**WHAT THE TASK ASKS**
In the records below, the relevant part opens with the line containing "Burgettstown, PA - High Performance Doors" and closes with the line containing "Step 4. Loosely"; print that part exactly and only, without its pictures.

**SOURCE DATA**
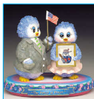
For God and Country S7094
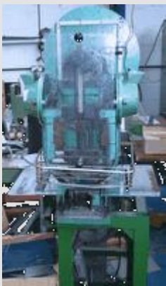
CMC corner trimming machine. Build unknown. Operational.
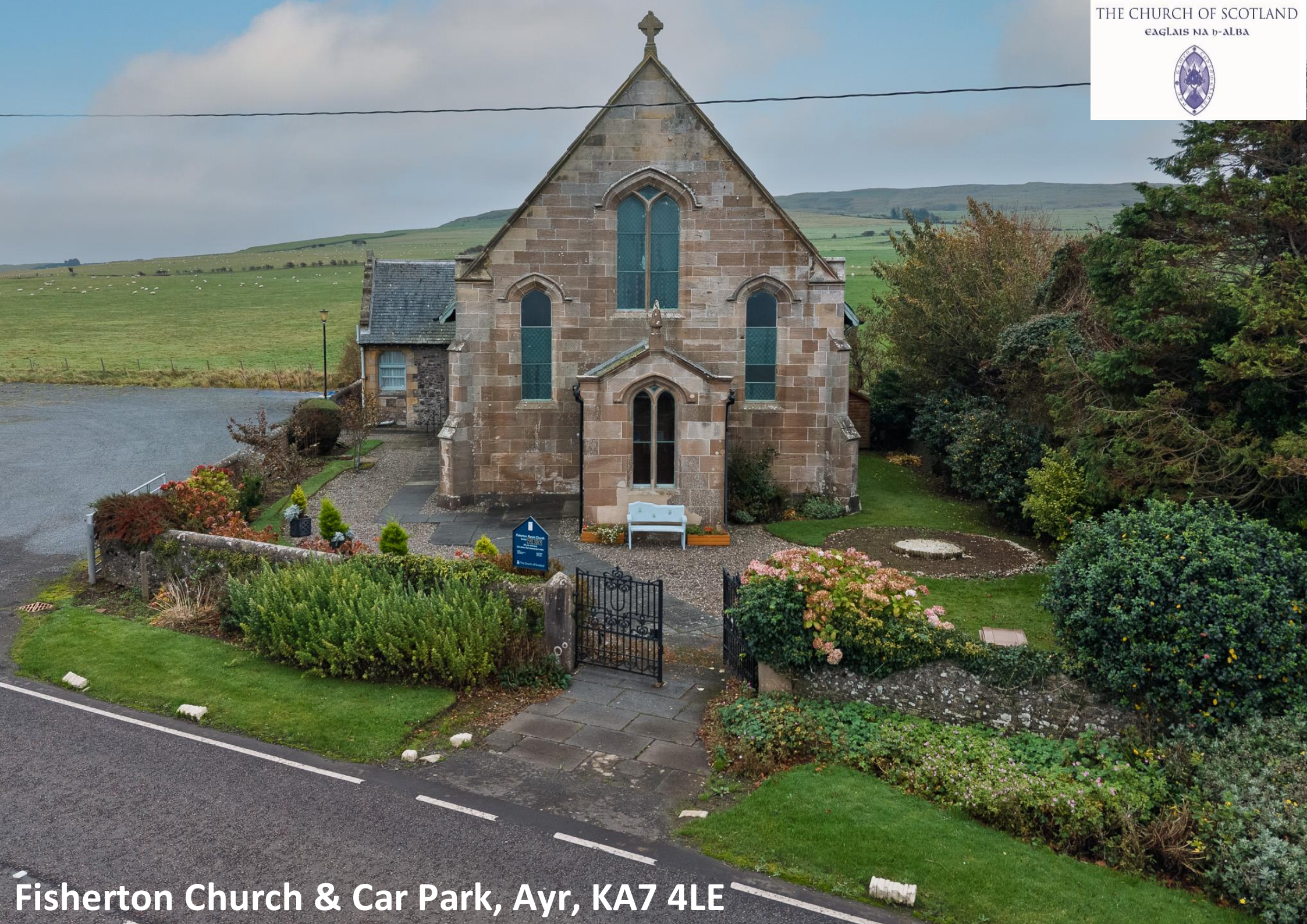
Fisherton Church & Car Park, Ayr, KA7 4LE
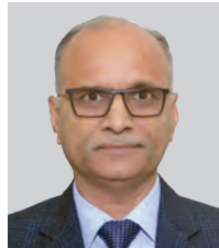
Dr S. K. Madan National Institute of Information Technology (NIIT) Kurukshetra, India
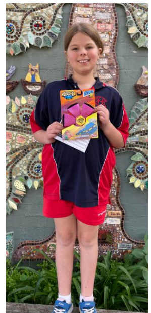
Term 2 Week 5 Students of the Week
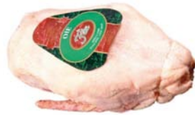
OC001 - kg. 4 Roast snow goose
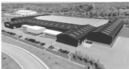
Burgettstown, PA - High Performance Doors

As one of the world's leading manufacturers of doors we're committed to providing the best quality, value, and selection. Whether residential, commercial or industrial, we have the door you're looking for. Each Hörmann product gives you the perfect array of benefits and options to satisfy your customers.
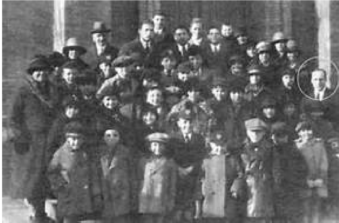
Missionary in China 1924-1945
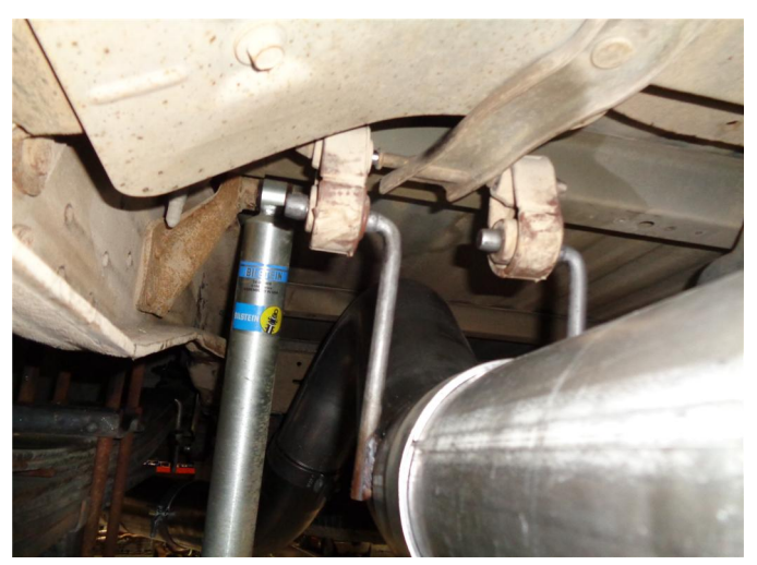
Step 4. Loosely install the Over Axle Pipe Assembly using the supplied clamps. locate both welded hangers to the rubber insulators.
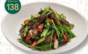
香菜爆孜然牛柳條 Stir-fried Beef Tenderloin with Coriander and Cumin

**COMPLETED EXERCISE**
Burgettstown, PA - High Performance Doors

As one of the world's leading manufacturers of doors we're committed to providing the best quality, value, and selection. Whether residential, commercial or industrial, we have the door you're looking for. Each Hörmann product gives you the perfect array of benefits and options to satisfy your customers.
Missionary in China 1924-1945
Step 4. Loosely install the Over Axle Pipe Assembly using the supplied clamps. locate both welded hangers to the rubber insulators.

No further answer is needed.